▶ **TASK STATEMENT**:
Using the data that follows, output only the lines from the line with "Getailleerd T-shirt met" up to and including the line with "A separate exterior", exactly, leaving pictures aside.

▶ **DATA TO EXAMINE**:
□ □ □ □ □
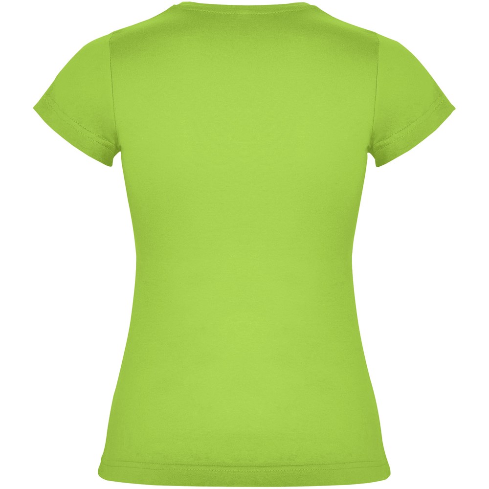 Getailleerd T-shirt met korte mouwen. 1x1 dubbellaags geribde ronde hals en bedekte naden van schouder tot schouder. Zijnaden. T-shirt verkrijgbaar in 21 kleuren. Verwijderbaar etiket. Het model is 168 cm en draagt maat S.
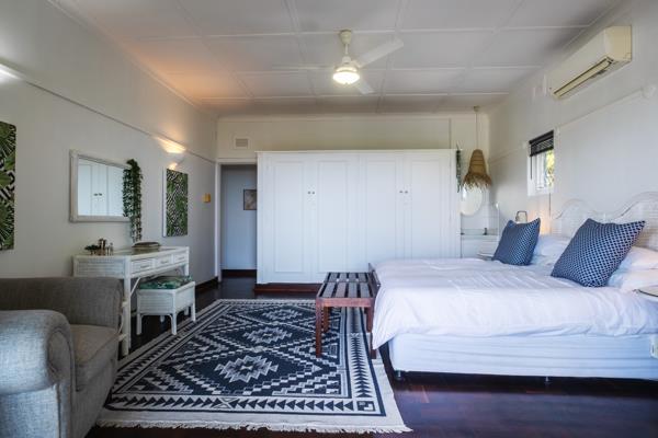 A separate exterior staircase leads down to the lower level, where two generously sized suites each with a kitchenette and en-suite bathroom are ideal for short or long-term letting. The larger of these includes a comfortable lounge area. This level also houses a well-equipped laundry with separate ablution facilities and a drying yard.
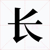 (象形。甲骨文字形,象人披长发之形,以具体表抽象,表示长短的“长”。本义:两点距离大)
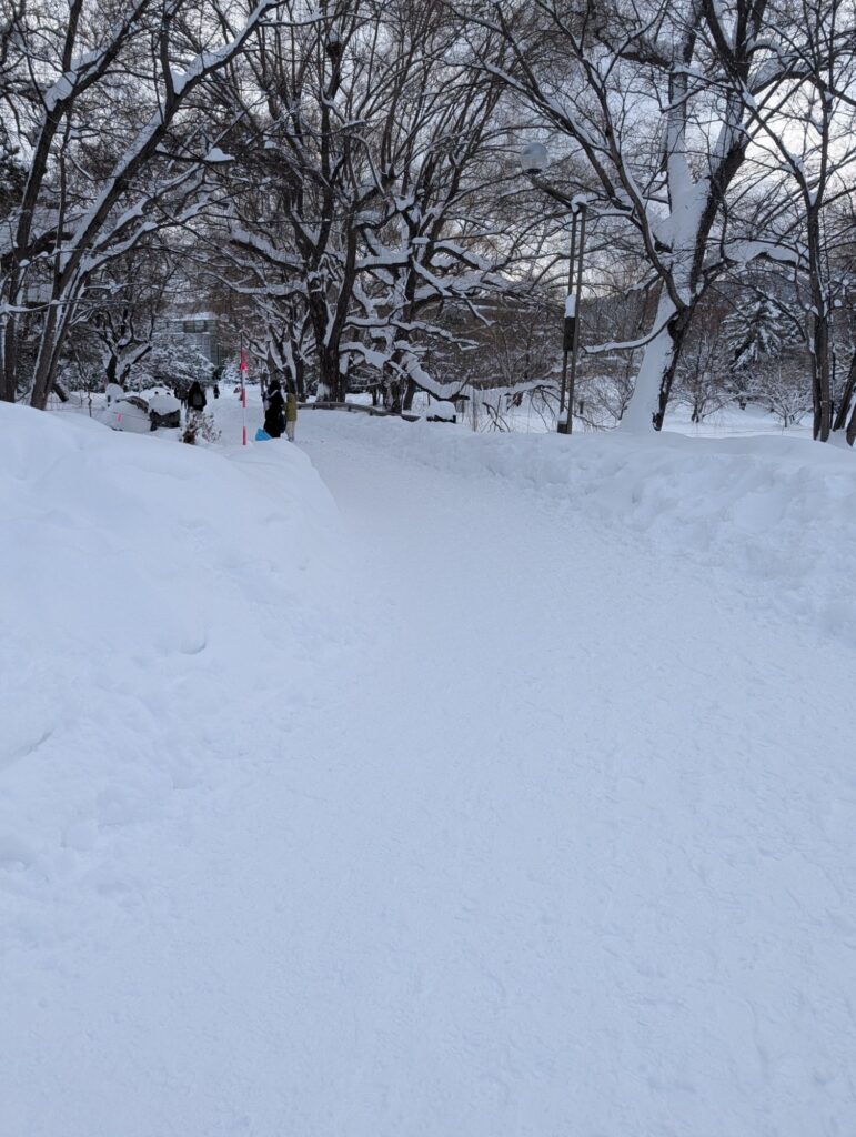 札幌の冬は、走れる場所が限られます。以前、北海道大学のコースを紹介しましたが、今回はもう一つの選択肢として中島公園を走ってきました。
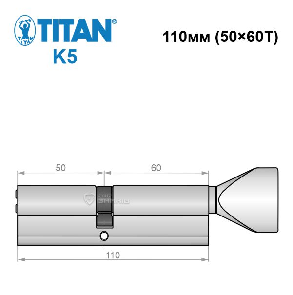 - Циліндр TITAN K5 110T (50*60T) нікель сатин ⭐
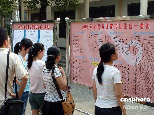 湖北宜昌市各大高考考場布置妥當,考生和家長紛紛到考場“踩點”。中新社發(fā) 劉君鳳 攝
□ □ □ □ □
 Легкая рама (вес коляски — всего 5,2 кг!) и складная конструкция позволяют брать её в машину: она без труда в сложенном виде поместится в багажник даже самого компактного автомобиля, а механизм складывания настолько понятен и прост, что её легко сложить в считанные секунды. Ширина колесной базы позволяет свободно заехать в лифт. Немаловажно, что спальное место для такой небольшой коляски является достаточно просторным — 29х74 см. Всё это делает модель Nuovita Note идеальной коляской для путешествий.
□ □ □ □ □
▶ **TASK ANSWER**:
 Getailleerd T-shirt met korte mouwen. 1x1 dubbellaags geribde ronde hals en bedekte naden van schouder tot schouder. Zijnaden. T-shirt verkrijgbaar in 21 kleuren. Verwijderbaar etiket. Het model is 168 cm en draagt maat S.
 A separate exterior staircase leads down to the lower level, where two generously sized suites each with a kitchenette and en-suite bathroom are ideal for short or long-term letting. The larger of these includes a comfortable lounge area. This level also houses a well-equipped laundry with separate ablution facilities and a drying yard.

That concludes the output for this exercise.